I created this kernel by deleting as much code as possible from my actual kernel while still being able to reproduce the problem.

This is the definition of Buffer with its “member” functions and the IDX macro:

#define IDX(i,j,k,n) (((k) * (n).y + (j)) * (n).x + (i))

struct Buffer

{

    Real    *ptr;

    int2    pitchedSize;

    int     origXSize;

};

struct Buffer bufferFromPitchedPtr( const struct cudaPitchedPtr *cudaPtr )

{

    Buffer result;

result.ptr = (Real *) cudaPtr->ptr;

    result.pitchedSize.x = cudaPtr->pitch / sizeof( Real );

    result.pitchedSize.y = cudaPtr->ysize;

    result.origXSize = cudaPtr->xsize / sizeof( Real );

return result;

}

struct cudaPitchedPtr bufferToPitchedPtr( const struct Buffer *b )

{

    return make_cudaPitchedPtr( b->ptr,

            b->pitchedSize.x * sizeof( Real ),

            b->origXSize * sizeof( Real ), b->pitchedSize.y );

}

void copyToBuffer( struct Buffer *dst, const Real *src, int3 size )

{

    cudaMemcpy3DParms parms = { 0 };

parms.srcPtr = make_cudaPitchedPtr( (void *) src,

            size.x * sizeof( Real ), size.x * sizeof( Real ), size.y );

    parms.dstPtr = bufferToPitchedPtr( dst );

    parms.extent = make_cudaExtent( size.x * sizeof( Real ), size.y, size.z );

    parms.kind = cudaMemcpyHostToDevice;

CUDA_CALL( cudaMemcpy3D( &parms ) );

}

void copyFromBuffer( Real *dst, const struct Buffer *src, int3 size )

{

    cudaMemcpy3DParms parms = { 0 };

parms.srcPtr = bufferToPitchedPtr( src );

    parms.dstPtr = make_cudaPitchedPtr( dst,

            size.x * sizeof( Real ), size.x * sizeof( Real ), size.y );

    parms.extent = make_cudaExtent(

            size.x * sizeof( Real ), size.y, size.z );

    parms.kind = cudaMemcpyDeviceToHost;

CUDA_CALL( cudaMemcpy3D( &parms ) );

}

struct Buffer allocBuffer( int3 size )

{

    cudaPitchedPtr tmp;

CUDA_CALL( cudaMalloc3D( &tmp, make_cudaExtent(

            size.x * sizeof( Real ), size.y, size.z ) ) )
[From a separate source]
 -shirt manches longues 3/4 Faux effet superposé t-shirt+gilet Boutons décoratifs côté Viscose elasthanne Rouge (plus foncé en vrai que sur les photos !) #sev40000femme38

return bufferFromPitchedPtr( &tmp );

}

void freeBuffer( struct Buffer *buf )

{

    CUDA_CALL( cudaFree( buf->ptr ) )

}

Real is typedef’ed to be float. CUDA_CALL is the obvious error-checking macro.

The function testInterface() is being called from main() which uses the blitz++ library to create the host variables and writes an output file in silo format that can be visualized with the visit software. I won’t post the main function here as I don’t think that it is of help (please ask if you are interested).

In all my current tests I initialize the variables in this way:

nc = { 42, 42, 42 }

ng = { 1, 1, 1 }

blockDim = { 32, 4, 4 }

gridDim = { 2, 11, 11 }

Concerning the platform: I’m using ubuntu 10.04 64bit and CUDA toolkit 3.2.16. My graphics card is quite old: Quadro FX 570 with compute capability 1.1.

Regards,

enuhtac

HI

Change parms.srcPtr = make_cudaPitchedPtr( (void *) src, size.x * sizeof( Real ), size.x * sizeof( Real ), size.y );

into parms.srcPtr = make_cudaPitchedPtr( (void *) src, size.x * sizeof( Real ), size.x, size.y );

and try.